The remnants of Gram’s artistic talent is in every corner. I don’t know what affinity she had with chickens but they recurr in her artwork. Gram handmade hooked carpets of chickens. She constructed chicken tile mosaics in the kitchen sink, the fireplace hearth and the coffee table.

The kitchen chairs have elaborate scenes engraved into their backs in a Jan Brett-like style. Only a couple of these carvings involve chickens. Our family calls the outhouse The Biffy; no one can tell me why. There are two toilet seats, again, no one will tell me why, and Gram painted a chicken on the inside of both toilet seat lids.
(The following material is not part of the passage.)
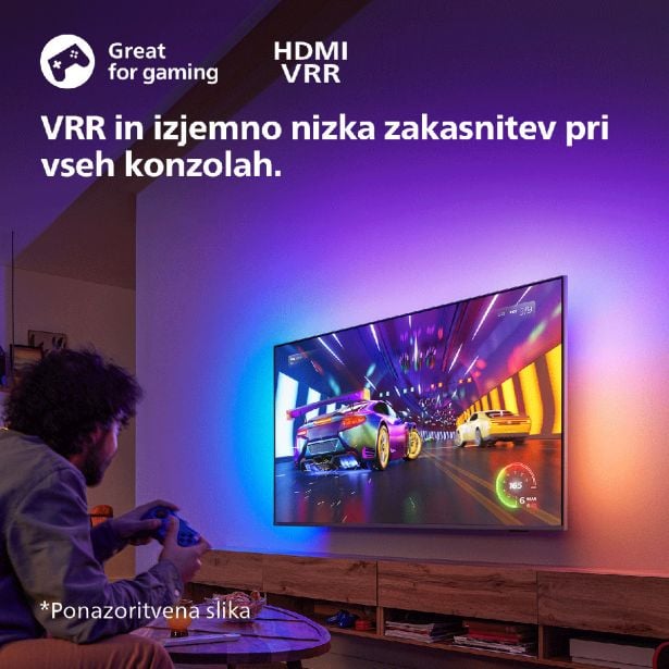 HDMI 2.1 omogoča optimalen izkoristek igralne konzole, popolnoma odzivno igranje in povsem gladko grafiko. Podpora VRR ob vklopu igralne konzole samodejno omogoči način nizke zakasnitve. Z izbranim slogom Ambilight bo vznemirjenje ob igranju videoiger še večje.

Every spring, I risk my life teetering on the ladder to hang one of Gram’s massive hooked rugs that weighs at least 50 pounds and takes up an entire wall of the living room. Surprisingly, it features an oriental elephant with painted toenails. Every plate in the cupboard bares a chicken, each with its own personality and signed Gertie Smith on the back. A couple years ago, I dropped a chicken plate on the deck and it broke in half. That was the first time I saw my grandmother cry.

Gram’s art reflects what a colourful person she must have been. The walls of the cottage do, too. Apparently, she picked out colours based on their names, refusing to consult paint chips. One of the bedrooms and the inside of The Biffy is painted Pink Lemonade. The colour’s name is perfect. It’s exactly the colour that makes you question the chemicals in drinks these days. Gram’s signature colour (that we call Gram Green) is named Four Leaf Clover and reminds me of honeydew melon. Most of the kitchen is Gram Green. In the bathroom, she painted grapevines on the walls and ceilings. It used to freak me out when I was a kid. The exterior of the cottage is Barn Red and Gunmetal grey. No mistaking our cottage from the lake, that’s for sure.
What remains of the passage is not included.